What you should do: Only the lines from the one containing "3. Set Of 5" to the end of the data should be copied, exactly and without pictures.

Records for the exercise:
=-=-=
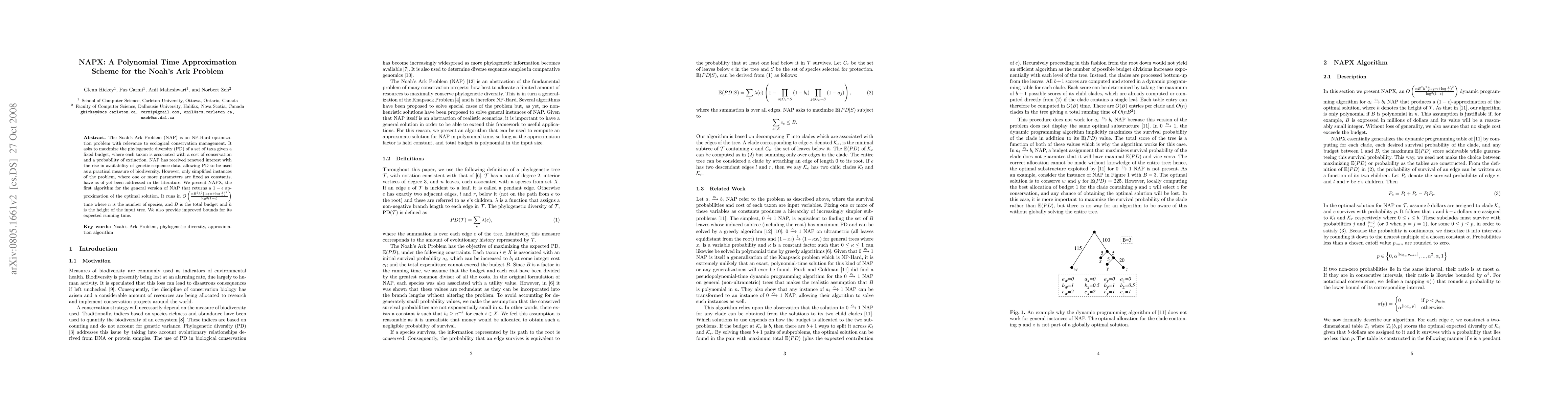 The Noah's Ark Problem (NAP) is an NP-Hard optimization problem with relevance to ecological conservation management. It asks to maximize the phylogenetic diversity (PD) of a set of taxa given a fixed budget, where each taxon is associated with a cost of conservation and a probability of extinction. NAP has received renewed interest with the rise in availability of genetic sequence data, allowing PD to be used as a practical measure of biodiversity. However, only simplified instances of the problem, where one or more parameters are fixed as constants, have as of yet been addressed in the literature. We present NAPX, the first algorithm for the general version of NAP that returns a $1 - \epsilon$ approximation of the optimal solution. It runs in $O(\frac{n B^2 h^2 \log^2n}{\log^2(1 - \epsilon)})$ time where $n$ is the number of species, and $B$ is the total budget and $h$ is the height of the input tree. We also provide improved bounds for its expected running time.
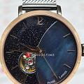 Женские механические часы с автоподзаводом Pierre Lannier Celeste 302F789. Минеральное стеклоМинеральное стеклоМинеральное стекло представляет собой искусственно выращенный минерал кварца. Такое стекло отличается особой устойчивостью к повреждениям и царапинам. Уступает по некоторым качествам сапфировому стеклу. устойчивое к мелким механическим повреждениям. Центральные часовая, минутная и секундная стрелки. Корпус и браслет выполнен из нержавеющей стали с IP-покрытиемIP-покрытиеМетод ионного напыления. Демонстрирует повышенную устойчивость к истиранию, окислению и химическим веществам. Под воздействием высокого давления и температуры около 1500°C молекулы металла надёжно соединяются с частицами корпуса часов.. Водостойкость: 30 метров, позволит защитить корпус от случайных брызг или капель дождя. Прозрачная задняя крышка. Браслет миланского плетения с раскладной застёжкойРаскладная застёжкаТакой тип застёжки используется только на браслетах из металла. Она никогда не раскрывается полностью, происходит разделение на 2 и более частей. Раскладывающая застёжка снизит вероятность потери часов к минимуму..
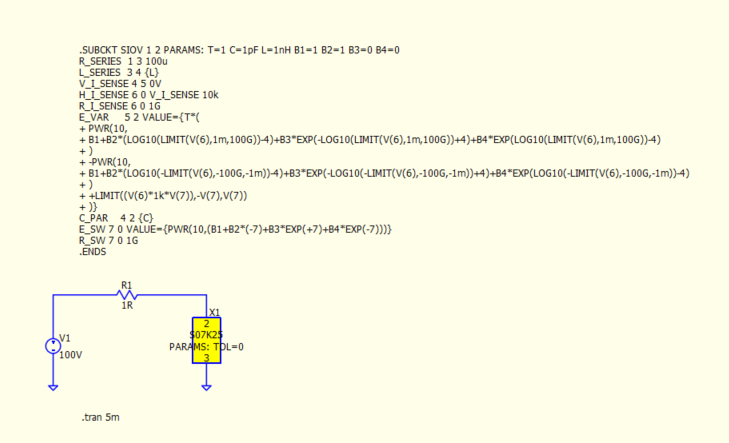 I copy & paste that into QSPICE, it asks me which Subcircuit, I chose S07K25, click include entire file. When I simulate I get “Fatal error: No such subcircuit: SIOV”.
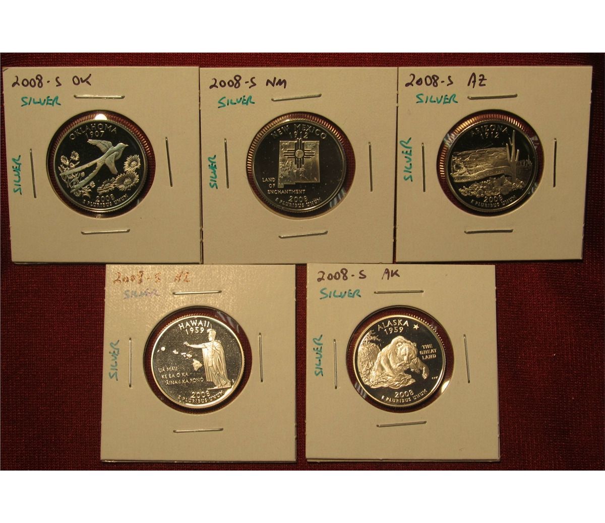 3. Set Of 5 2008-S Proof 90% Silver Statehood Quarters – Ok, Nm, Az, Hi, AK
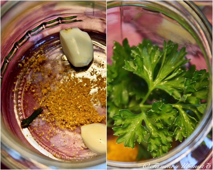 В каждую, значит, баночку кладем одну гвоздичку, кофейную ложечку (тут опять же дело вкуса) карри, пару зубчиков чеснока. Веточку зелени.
=-=-=
Solution to this exercise:
 3. Set Of 5 2008-S Proof 90% Silver Statehood Quarters – Ok, Nm, Az, Hi, AK
 В каждую, значит, баночку кладем одну гвоздичку, кофейную ложечку (тут опять же дело вкуса) карри, пару зубчиков чеснока. Веточку зелени.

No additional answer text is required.